Given data Block Start
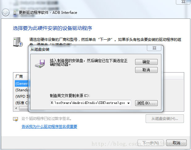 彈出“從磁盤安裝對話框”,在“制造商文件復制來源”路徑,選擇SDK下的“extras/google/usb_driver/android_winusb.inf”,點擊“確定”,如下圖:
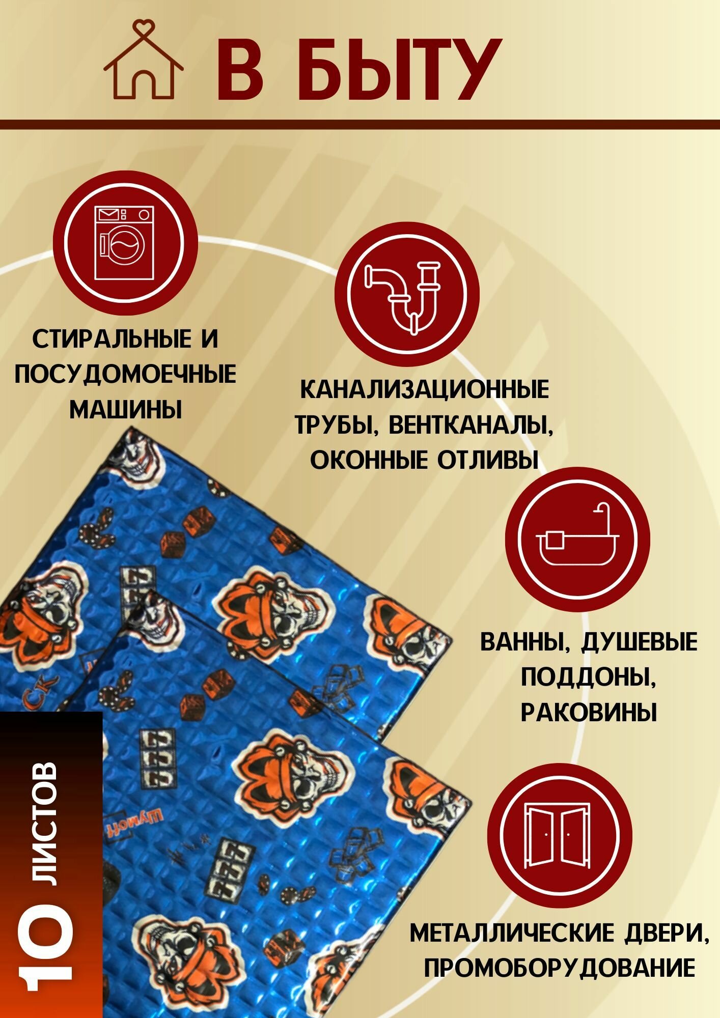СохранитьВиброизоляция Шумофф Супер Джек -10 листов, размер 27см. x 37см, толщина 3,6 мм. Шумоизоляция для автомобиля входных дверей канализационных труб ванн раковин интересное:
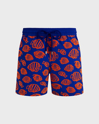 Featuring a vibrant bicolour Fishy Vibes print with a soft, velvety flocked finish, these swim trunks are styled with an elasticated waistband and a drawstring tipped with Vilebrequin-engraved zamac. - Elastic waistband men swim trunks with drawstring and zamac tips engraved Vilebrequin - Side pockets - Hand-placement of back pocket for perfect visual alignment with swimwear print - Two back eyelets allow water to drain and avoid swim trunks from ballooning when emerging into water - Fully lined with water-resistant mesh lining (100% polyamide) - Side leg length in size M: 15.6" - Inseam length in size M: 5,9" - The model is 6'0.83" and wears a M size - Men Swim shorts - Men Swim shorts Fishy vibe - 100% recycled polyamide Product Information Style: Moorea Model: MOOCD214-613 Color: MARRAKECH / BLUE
Given data Block End
Given data Block Start
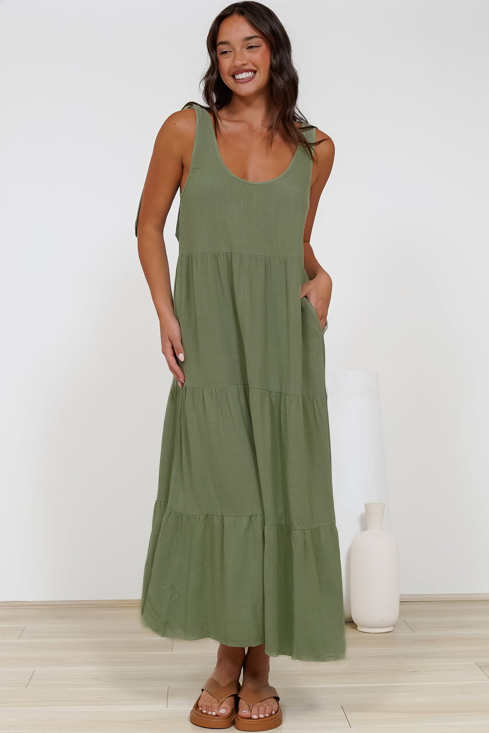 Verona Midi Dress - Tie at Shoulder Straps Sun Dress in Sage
Given data Block End
■ Your goal: Find the line with "СохранитьВиброизоляция Шумофф Супер" in the entries above. Set down exactly every line from it up to and including the line with "Featuring a vibrant", images excluded.

■ Exercise answer:
СохранитьВиброизоляция Шумофф Супер Джек -10 листов, размер 27см. x 37см, толщина 3,6 мм. Шумоизоляция для автомобиля входных дверей канализационных труб ванн раковин интересное:
 Featuring a vibrant bicolour Fishy Vibes print with a soft, velvety flocked finish, these swim trunks are styled with an elasticated waistband and a drawstring tipped with Vilebrequin-engraved zamac. - Elastic waistband men swim trunks with drawstring and zamac tips engraved Vilebrequin - Side pockets - Hand-placement of back pocket for perfect visual alignment with swimwear print - Two back eyelets allow water to drain and avoid swim trunks from ballooning when emerging into water - Fully lined with water-resistant mesh lining (100% polyamide) - Side leg length in size M: 15.6" - Inseam length in size M: 5,9" - The model is 6'0.83" and wears a M size - Men Swim shorts - Men Swim shorts Fishy vibe - 100% recycled polyamide Product Information Style: Moorea Model: MOOCD214-613 Color: MARRAKECH / BLUE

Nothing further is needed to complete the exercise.